Nothing but the lines from the one containing "当我第一次在工信部看到吉利银" through the last line of the records belongs in the answer, copied exactly and with the pictures left out.

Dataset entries
----

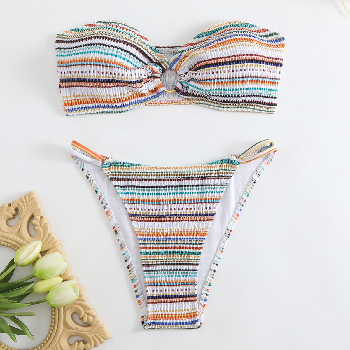 抹胸条纹分体比基尼 2025新款欧美跨境泳装 ins风特殊面料泳衣女
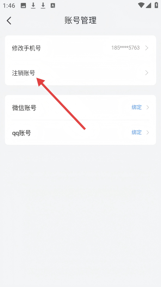 3、在账号管理页面,点击【注销账号】,可进入账号注销流程。
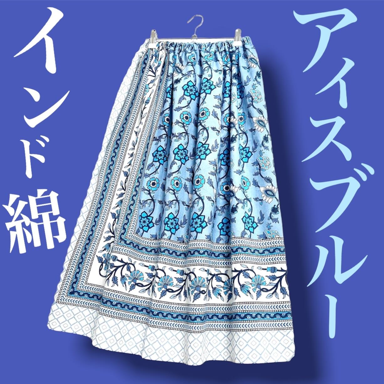 【新作】インド綿ギャザースカート アイスブルー
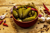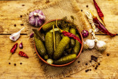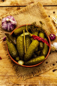 Marynowane ogórki marynowane z przyprawami i ziołami. Tradycyjna domowej roboty fermentowana przystawka w glinianej misce. Stary drewniany stół, widok z góry
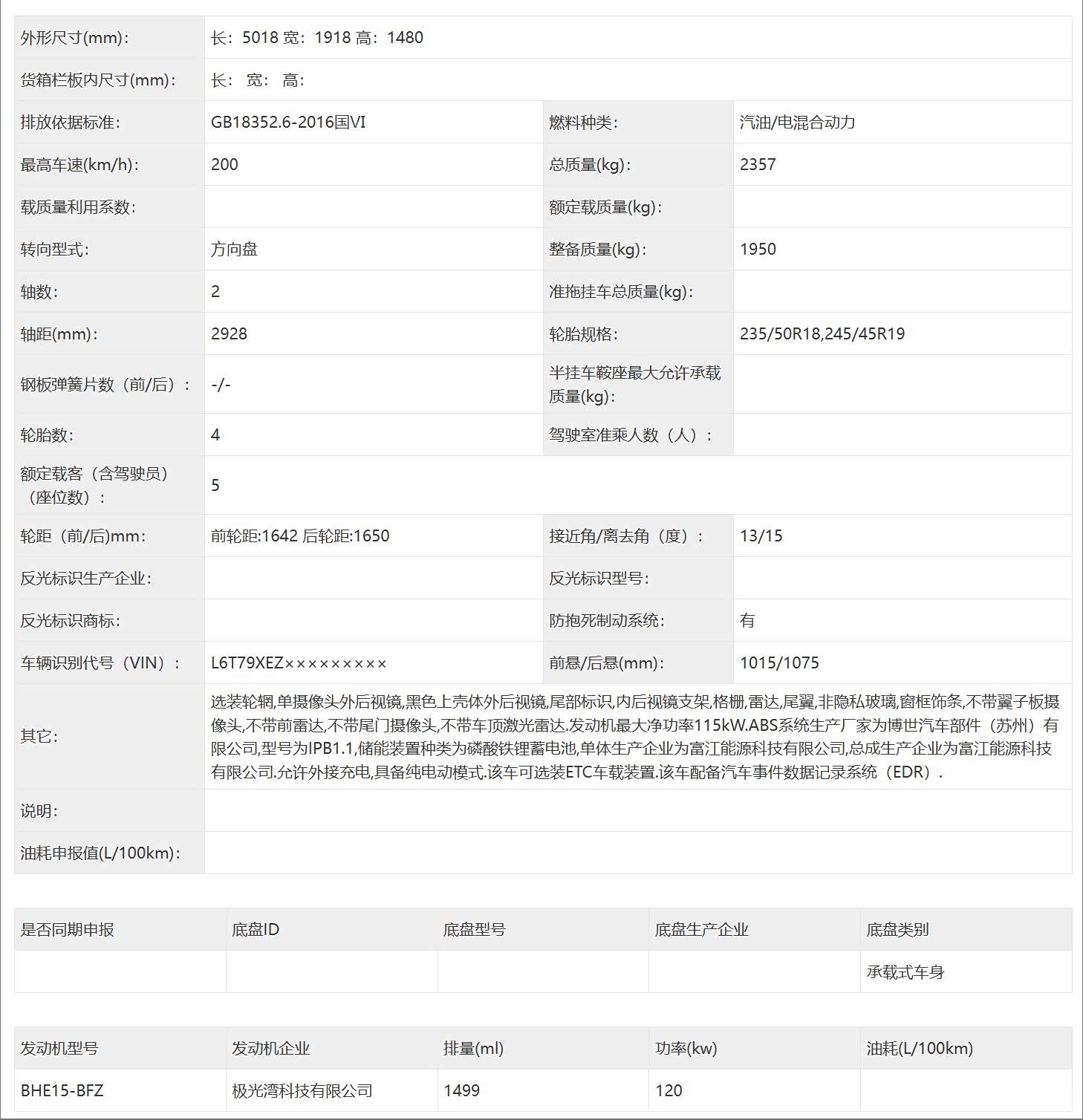 当我第一次在工信部看到吉利银河星耀8的申报信息时,不得不说它的外观设计给我留下了深刻印象。前脸采用封闭式格栅设计,整体风格显得简洁而不失大气。日行灯的造型犀利,并通过一条贯穿式的黑色饰条连接,视觉上拉宽了车头,让整车看起来更加稳重。远近光灯则被巧妙地安置在格栅两侧靠下的位置,设计相当有个性。
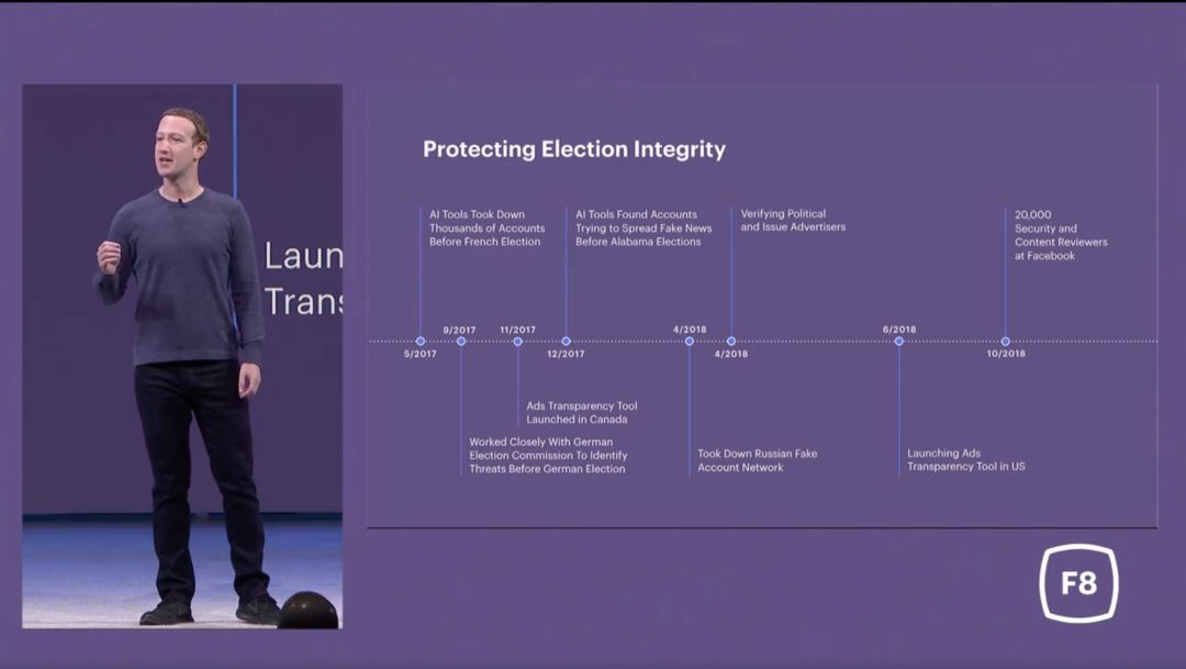 面对俄罗斯通过Facebook广告干扰美国选举的指责,Facebook将会提高选举广告的真实性和透明度。如跟各国各地区的选举部门合作识别选举威胁,在选举前通过工具识别打击账号,在美国推出政治广告透明度举措,并拥有2万多人的内容审核人员队伍。
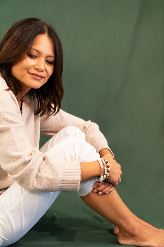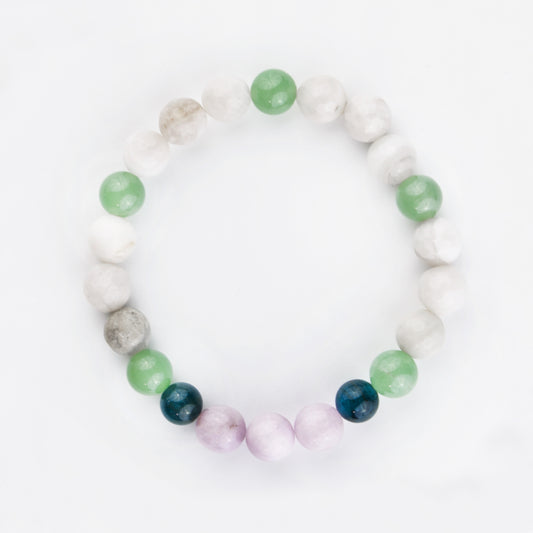 Our stretch bracelets are designed and hand crafted with so much care. Not only are we selecting gemstones to fit the specific intentions, we also factor in the concept of numerology and are mindful of crystal placement, in addition to making sure the stones enhance each other's natural beauty.
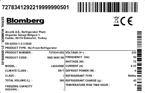 SND 9685 XN: Køleskab (Single Door - no freezer, 375 L)

----

* Task solution *
 当我第一次在工信部看到吉利银河星耀8的申报信息时,不得不说它的外观设计给我留下了深刻印象。前脸采用封闭式格栅设计,整体风格显得简洁而不失大气。日行灯的造型犀利,并通过一条贯穿式的黑色饰条连接,视觉上拉宽了车头,让整车看起来更加稳重。远近光灯则被巧妙地安置在格栅两侧靠下的位置,设计相当有个性。
 面对俄罗斯通过Facebook广告干扰美国选举的指责,Facebook将会提高选举广告的真实性和透明度。如跟各国各地区的选举部门合作识别选举威胁,在选举前通过工具识别打击账号,在美国推出政治广告透明度举措,并拥有2万多人的内容审核人员队伍。
 Our stretch bracelets are designed and hand crafted with so much care. Not only are we selecting gemstones to fit the specific intentions, we also factor in the concept of numerology and are mindful of crystal placement, in addition to making sure the stones enhance each other's natural beauty.
 SND 9685 XN: Køleskab (Single Door - no freezer, 375 L)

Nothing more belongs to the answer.